The second one was maximal at central electrodes (Frontality: F(2,48) = 4.5, p = 0.04, ε = 0.7; central MMN being larger than the frontal MMN and posterior MMN, p = 0.001 for all; Laterality: F(2,48) = 4.7, p = 0.01; midline MMN being larger than the left MMN, p = 0.005). Its distribution was modulated by musical expertise (Frontality × Laterality × Group: F(4,96) = 3.3, p = 0.01), resulting from the varying pattern of frontality between Folk musicians and Non-musicians. Folk musicians had centrally and posteriorly larger MMN than their frontal MMN at left and midline sites (p < 0.05 for all). Moreover, their MMN over the right hemisphere had no indication of frontality (p > 0.05). Non-musicians showed a broadly distributed MMN at left sites and a central MMN which was larger than their frontal MMN at midline sites (p = 0.01) and a central MMN which was larger than their posterior MMN at right sites (p = 0.003).
The MMN to timing delay was followed by a P3a that was maximal at central electrodes (Frontality: F(2,48) = 22.3, p < 0.0001; central P3a was larger than frontal P3a which, in turn, was larger than Posterior P3a, p < 0.02 for all; Laterality: F(2,48) = 22.4, p < 0.0001; midline P3a being larger than left and right P3a, p < 0.0001).

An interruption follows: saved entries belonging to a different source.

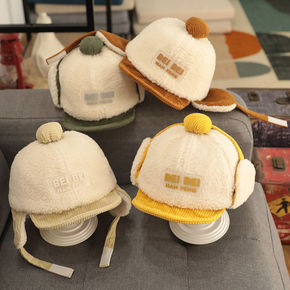 儿童帽子秋冬季棒球帽男童潮冬天保暖护耳鸭舌帽时尚女...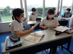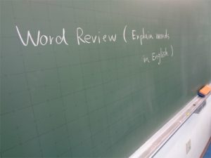 2年英語EEコース(特別コース)で行われていたのが、Word Review です。これは“Explain words in English”という副題が示す通り、生徒自身が選んだ複数の単語をチーム内の人に英語で説明し、相手はその単語は何かをあてるという内容です。ハードルの高い内容ながら、楽しみつつ一生懸命に伝えようとし合う活発な授業でした。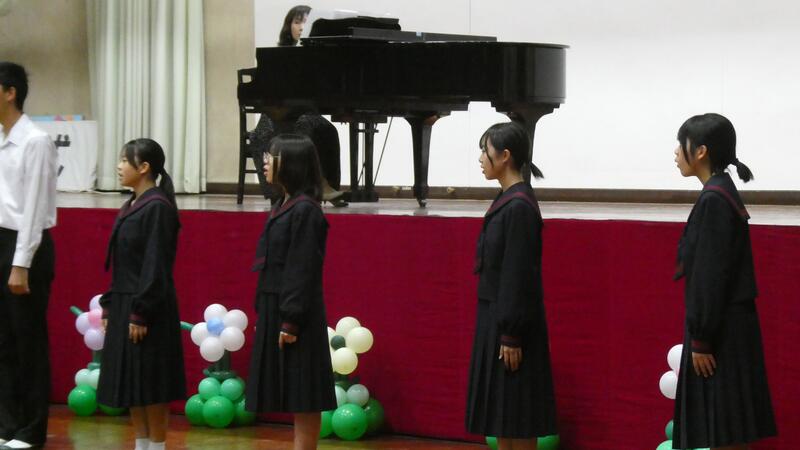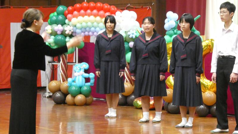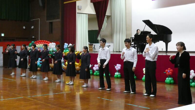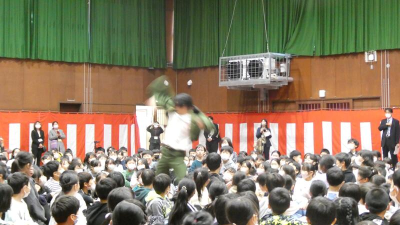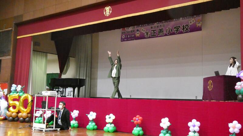 正善小の卒業生であるプロのダンサーによるパフォーマンスの後に、一緒に「おかえりかすかべ音頭」を踊りました。とても楽しかったです。そしてその後、本校有志合唱団が合唱「翼をください」を披露しました。

Additionally, its scalp distribution was modulated by musical expertise (Frontality × Laterality × Group: F(4,96) = 4.1, p = 0.004), due to the larger P3a in Non-musicians compared to Folk musicians over the right frontal region (p = 0.01) and left posterior region (p < 0.05).

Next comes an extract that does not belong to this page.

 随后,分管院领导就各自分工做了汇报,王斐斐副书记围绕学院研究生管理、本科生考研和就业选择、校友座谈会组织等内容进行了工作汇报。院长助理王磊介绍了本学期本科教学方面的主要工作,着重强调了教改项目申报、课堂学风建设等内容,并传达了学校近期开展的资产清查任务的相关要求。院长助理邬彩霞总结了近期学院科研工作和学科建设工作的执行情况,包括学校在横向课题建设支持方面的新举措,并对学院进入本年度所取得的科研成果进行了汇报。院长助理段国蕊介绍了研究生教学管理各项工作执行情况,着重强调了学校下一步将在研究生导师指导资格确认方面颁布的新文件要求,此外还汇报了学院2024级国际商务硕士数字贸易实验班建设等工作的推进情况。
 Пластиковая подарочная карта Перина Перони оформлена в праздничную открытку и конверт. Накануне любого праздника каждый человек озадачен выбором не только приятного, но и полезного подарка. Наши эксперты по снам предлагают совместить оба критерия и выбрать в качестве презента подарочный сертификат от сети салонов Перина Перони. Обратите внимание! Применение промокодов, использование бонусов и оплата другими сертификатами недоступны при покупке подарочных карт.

MMN to melody modulation was maximal at mid-central electrodes (see Figure 3; Frontality: F(2,48) = 21.1, p < 0.0001; frontal and central MMN being larger than posterior MMN, p < 0.001; Laterality: F(2,48) = 16.4, p < 0.0001; midline MMN being larger than left and right MMN, p < 0.0001). Additionally, its distribution was modulated by musical expertise (Laterality × Group: F(2,48) = 3.9, p = 0.03). This was caused by the MMN amplitudes which did not differ from each other between the left and right site electrodes but which were largest at the midline region (p < 0.05) for Folk musicians compared to other electrode sites. For Non-musicians, the MMN was larger at the left electrodes compared to the right ones (p = 0.02). Additionally, the left and right MMNs were smaller than the MMN at the midline (p < 0.006 for both comparisons). Also an interaction between Laterality and Frontality was observed (F(4,96) = 5.0, p = 0.001), deriving from larger MMN at the frontal and central electrodes than at the posterior and lateral electrodes (p < 0.01 in all comparisons).

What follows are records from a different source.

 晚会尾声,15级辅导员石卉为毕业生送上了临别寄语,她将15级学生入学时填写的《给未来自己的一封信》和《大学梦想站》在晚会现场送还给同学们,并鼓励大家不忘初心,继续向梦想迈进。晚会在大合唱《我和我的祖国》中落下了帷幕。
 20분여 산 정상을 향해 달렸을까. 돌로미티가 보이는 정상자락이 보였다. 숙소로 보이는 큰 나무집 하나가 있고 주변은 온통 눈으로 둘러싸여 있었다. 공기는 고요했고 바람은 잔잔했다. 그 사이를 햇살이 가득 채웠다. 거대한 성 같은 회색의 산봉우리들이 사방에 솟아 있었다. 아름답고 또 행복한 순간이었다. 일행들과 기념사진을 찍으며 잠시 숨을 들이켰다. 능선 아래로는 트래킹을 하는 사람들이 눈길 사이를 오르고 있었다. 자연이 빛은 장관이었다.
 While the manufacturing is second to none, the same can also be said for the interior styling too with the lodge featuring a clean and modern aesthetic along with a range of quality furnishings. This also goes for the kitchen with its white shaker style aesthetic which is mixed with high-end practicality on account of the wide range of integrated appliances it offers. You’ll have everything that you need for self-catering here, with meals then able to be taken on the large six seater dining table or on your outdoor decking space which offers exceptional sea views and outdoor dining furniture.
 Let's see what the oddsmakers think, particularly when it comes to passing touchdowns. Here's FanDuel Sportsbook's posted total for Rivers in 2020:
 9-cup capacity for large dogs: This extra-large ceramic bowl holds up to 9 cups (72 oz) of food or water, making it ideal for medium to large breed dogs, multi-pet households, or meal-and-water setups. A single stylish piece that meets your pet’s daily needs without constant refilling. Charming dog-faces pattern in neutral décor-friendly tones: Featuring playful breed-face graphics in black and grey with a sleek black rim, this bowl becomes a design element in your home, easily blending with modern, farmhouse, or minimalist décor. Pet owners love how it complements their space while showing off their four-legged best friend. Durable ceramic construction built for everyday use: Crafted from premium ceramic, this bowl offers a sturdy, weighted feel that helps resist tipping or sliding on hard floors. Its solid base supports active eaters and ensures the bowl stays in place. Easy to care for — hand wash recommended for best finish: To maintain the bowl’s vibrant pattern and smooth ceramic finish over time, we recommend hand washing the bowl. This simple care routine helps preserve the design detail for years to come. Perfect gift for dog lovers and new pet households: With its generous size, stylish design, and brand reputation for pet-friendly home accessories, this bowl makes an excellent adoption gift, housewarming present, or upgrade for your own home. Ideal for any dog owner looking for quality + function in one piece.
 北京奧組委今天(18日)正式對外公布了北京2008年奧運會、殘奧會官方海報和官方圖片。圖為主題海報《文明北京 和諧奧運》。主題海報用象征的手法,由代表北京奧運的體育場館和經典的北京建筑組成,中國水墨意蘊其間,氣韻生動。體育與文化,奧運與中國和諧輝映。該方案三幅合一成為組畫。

Figure 3. Brain responses to Rhythm modulation, Melody modulation, and Transposition. These changes were introduced in the melody and they modulated its continuation.
Rhythm modulation: shortening of a long tone
MMN to rhythm modulation of tone shortening was maximal at frontocentral midline electrodes (Frontality: F(2,48) = 7.5, p = 0.007, ε = 0.6; frontal and central MMN being larger than posterior MMN, p < 0.02; Laterality: F(2,48) = 6.4, p = 0.004; midline MMN larger than left and right MMN, p < 0.002).
Rhythm modulation: lengthening of a short tone
MMN to rhythm modulation of tone lengthening was frontocentrally maximal (Frontality: F(2,48) = 4.0, p = 0.04, ε = 0.8; Frontal and Central MMN > Posterior MMN) and modulated by musical expertise (Frontality × Group: F(2,48) = 7.4, p = 0.002). This resulted from larger MMN above the frontal and central electrodes (vs. posterior ones) in Folk musicians only (p < 0.002 for both) and small uniformly distributed MMN in Non-musicians (p > 0.05 in all comparisons).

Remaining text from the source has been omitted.